Figure 1. Schematic view of HVPE growth reactor.

AlN layers up to 1 mm thick were grown by HVPE technique described above. Sapphire, SiC, and Si wafers were used as substrates. AlN growth rate was controlled in the range from 0.1 to 1 μm/min. After the growth, Si substrate was removed by chemical etching. Free-standing AlN wafers up to 3×3 cm² in size were obtained (Fig. 2). The size of the wafer was equal to the size of the initial Si substrate. These are the largest AlN wafers reported to date. Results of material characterization of these AlN wafers are given bellow.

Figure 2. Photo of free-standing AlN wafer.

Fabricated AlN free-standing wafers were studied in terms of surface morphology, crystal structure, and optical properties. Top (as-grown) surface of AlN wafers contained growth pyramids (Fig. 3a). The back surface (former Si substrate – AlN interface) is flat and shiny. Usually, the back surface contained cracks (Fig. 3b). In order to use as-grown surface of AlN wafers for subsequent AlN or GaN epitaxy, this surface has to be polished.

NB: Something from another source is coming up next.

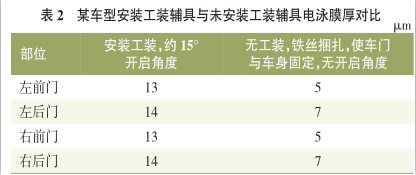 無論是傳統的四門兩蓋車身結構還是小型的兩門兩蓋車身結構,均需要開發工裝輔具來完成車身電泳,其目的不僅是在車身電泳時保證車身無磕碰發生,更重要的是車身在浸入電泳槽液時,開啟一定的角度,促進槽液的流入速度,改善車門內腔在電泳過程中電場的分布,使其迅速成膜,并提高門、蓋內腔電泳漆膜厚度,增強防腐能力。在相同的槽液環境和輸送方式下,對四門進行電泳驗證,驗證結果見表2。
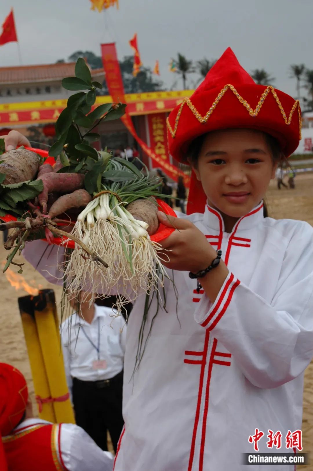 2023年2月28日,第二十二屆??谫蛉宋幕?jié)(原稱軍坡節(jié))之“裝軍巡游”活動(dòng)在海南海口新坡鎮(zhèn)舉行。圖為在活動(dòng)中肩挑花籃的小女孩。駱云飛 攝

Figure 3. Surface morphology of AlN free-standing wafer:

• a) As-grown surface;

• b) Former interface.

Crystal structure of free-standing AlN wafers was measured by x-ray diffraction. It was found that AlN has single crystal structure. X-ray diffraction scan measured in the range from 20 to 80 degrees showed only (0002) and (0004) AlN reflections indicating that the grown material has wurtzite structure and that the grown surface has (0001) orientation. X-ray rocking curves measured in ω–2Θ- and ω-scanning geometries had the FWHM values of about 100 arc sec and about 40 arc min, respectively (Fig. 4). Transmission electron microscopy study, which was done at Erlangen University, indicated that dislocation density in AlN wafers decreases from 10⁹ – 10¹⁰ cm⁻² in the former interface region down to 10⁸ cm⁻² in the surface region [Reference Albrecht, Strunk, Nikitina, Nikolaev, Melnik, Dmitriev and Vassilevski5].

Figure 4a. X-ray rocking curve measured at ω-scan for AlN free-standing wafer.

Figure 4b. X-ray rocking curve measured at ω-2Θ–scan for AlN free-standing wafer.

Optical properties of grown AlN was studied using cathodoluminescence and optical transmission (Fig. 5). Cathodoluminescence spectra contained two peaks, one at ∼375 nm (∼3.3 eV) and another at ∼207 nm (∼5.98 eV). The most intense peak at a wavelength of 375 nm is probably related to oxygen impurity. The edge peak at 207 nm is related to near band-gap optical transitions. The nature of both peaks must be investigated in a future.

We would like to mention that the fabricated AlN wafers were used as seeds for AlN sublimation bulk growth by sublimation [6] and no cracks have been observed in the bulk AlN materials.

Fig. 5. IR transmission spectra (300K) for free standing AlN samples:

• 1 - thickness is 0.05 mm, α = 17 cm⁻¹;

• 2 - thickness is 0.08 mm, α = 20cm⁻¹;

• 3 - thickness is 0.3 mm, α = 15 cm⁻¹.

• 3a - thickness is 0.29 mm, α = 20 cm⁻¹.

• 4 - thickness is 0.49 mm, α = 22 cm⁻¹.

Conclusions

AlN wafers up to 3×3 cm² in size were fabricated using HVPE technique. Thickness of AlN ranged from 0.05 to 1 mm. Lateral size of AlN wafers was equal to the size of initial substrates. Free-standing AlN wafers were fabricated employing Si substrate removal by chemical etching. It was found that AlN wafers are single crystals with 2H structure. Fabricated AlN wafers had (0001) orientation. The wafers exhibited edge luminescence at 5.9 eV and deep level luminescence peaking at 3.3eV (4 K). Future development will be focused on the fabrication of 2 inch diameter AlN substrates for group III nitride electronic devices.